Anti-TNF antibodies, drug levels, and safety The deleterious impact of antidrug antibodies has been appreciated since early clinical trials. Antibodies against infliximab were associated with an increased risk of infusion reactions by Baert and colleagues, particularly if the concentration of antibodies was 98 μg/ml [24•]. Rates of infusion reactions were also higher in those who had developed antibodies in the ACCENT-1 trial in CD as well as the ACT-1, ACT-2 and other prospective cohorts [6, 23, 32, 38, 39]. It is not clear that increased anti-TNF drug levels are associated with adverse events with therapy.

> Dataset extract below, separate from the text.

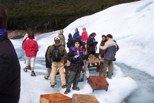 A table with chocolates and a bottle of Famous Grouse whisky. In the middle of nowhere; on the ice. Cheers, everybody got to nibble on chocolates and drink whisky diluted with 400-year old glacier ice. We told you this was a most civilized country.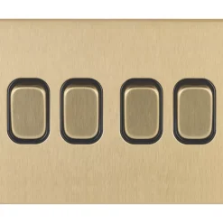 Schneider Electric Lisse Deco 10AX 4-Gang 2-Way Light Switch Satin Brass With Black Inserts

While there was initial concern that dermatologic manifestations such as psoriaform lesions or rheumatologic manifestations were associated with higher trough levels, more recent studies have cast doubt on this association. A case-control study published in 2015 by Coutzac and colleagues examining 121 patients with Crohn’s disease appreciated no significant difference in anti-TNF drug levels between those who had dermatologic or rheumatologic reactions to the drug when compared to those who had not [54]. Similar results were appreciated for dermatologic complications in a large cohort of 917 patients receiving anti-TNFs, with no association between infliximab levels and dermatologic complications [55]. Based on the findings of these two large retrospective studies, it does not appear that drug levels can be used to predict future complications of therapy.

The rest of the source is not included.